[c-nsp] show mBGP vpn advertized routes
Marlon Duksa
mduksa at gmail.com
Wed Feb 25 16:49:58 EST 2009
ok. Thanks. Well, I just miss the way Juniper shows things, the level of
details. Juniper would display the next hop that it is carried in the BGP
Update message.Marlon
On Wed, Feb 25, 2009 at 11:25 AM, Peter Rathlev <peter at rathlev.dk> wrote:
> On Wed, 2009-02-25 at 10:45 -0800, Marlon Duksa wrote:
> > ok. Thanks.But the next hop is still not right. It shows this below in
> red
>
> In red? On my monochrome display? ;-)
>
> > when my advertised next hop is 1.1.1.1. I checked that by capturing BGP
> > Update message.
> > Does anyone know why would next hop be displayed as 0.0.0.0.
>
> When you see "0.0.0.0" as next hop in the BGP table it means that the
> prefix is originated on this router itself. Consult the RIP ("show ip
> route vrf ipvpn_1 191.1.0.0") or FIB ("show ip cef vrf ipvpn_1
> 191.1.0.0") to find out exactly what routing decision the box makes.
>
> > 7609s#show bgp vpnv4 unicast vrf ipvpn_1 191.1.0.0/24
> > BGP routing table entry for 1:0:191.1.0.0/24, version 3
> > Paths: (1 available, best #1, table ipvpn_1)

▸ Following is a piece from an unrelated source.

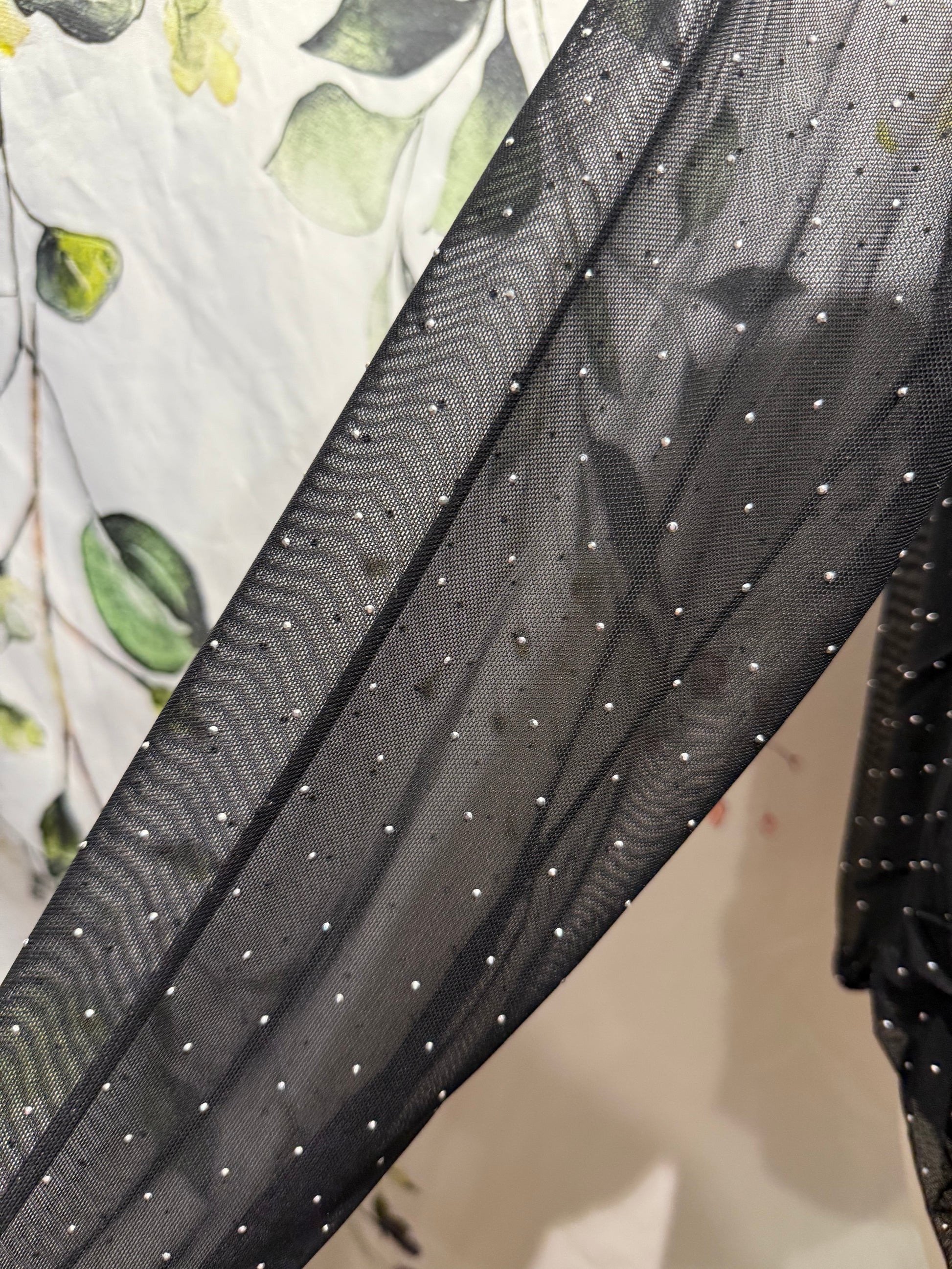 The most beautiful top with sheer sleeves and rhinestone sparkle.
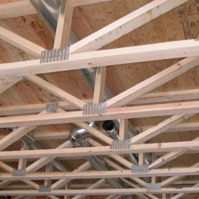 Разделяя пролеты здания, прогоны позволяют использовать лаги меньшего сечения. Чем короче расстояние между несущими стенами, тем меньшего сечения лаги можно использовать, и наоборот, чем больше пролет, тем большего сечения должны быть лаги, чтобы выдерживать вес. Например, если пролет здания или комнаты около б метров, то большинство строительных норм допускают использование лаг сечением 50х300 мм с расстоянием между осями 40 см без использования промежуточных опор. Этот метод может быть необходим для создания перекрытия над подвалом или вторым этажом над большими комнатами или вы можете использовать деревянные двутавровые балки промышленного изготовления. Если вы попытаетесь перекрыть б метров, используя лаги сечением 50х150, то они будут прогибаться посередине. Как бы то ни было, лаги 50х150 могут быть использованы, если есть промежуточные подпорки.

> > Advertised to update-groups:
> > 2 1
> > Local
> > 0.0.0.0 from 0.0.0.0 (191.1.0.1)
> > Origin incomplete, metric 0, localpref 100, weight 32768, valid,
> > sourced, best
> > Extended Community: RT:1:0
> > mpls labels in/out IPv4 VRF Aggr:20/nolabel(ipvpn_1)
>
> So this prefix is from yourself ("7609s"). The prefix has been
> redistributed maybe with "redistribute connected" in the configuration.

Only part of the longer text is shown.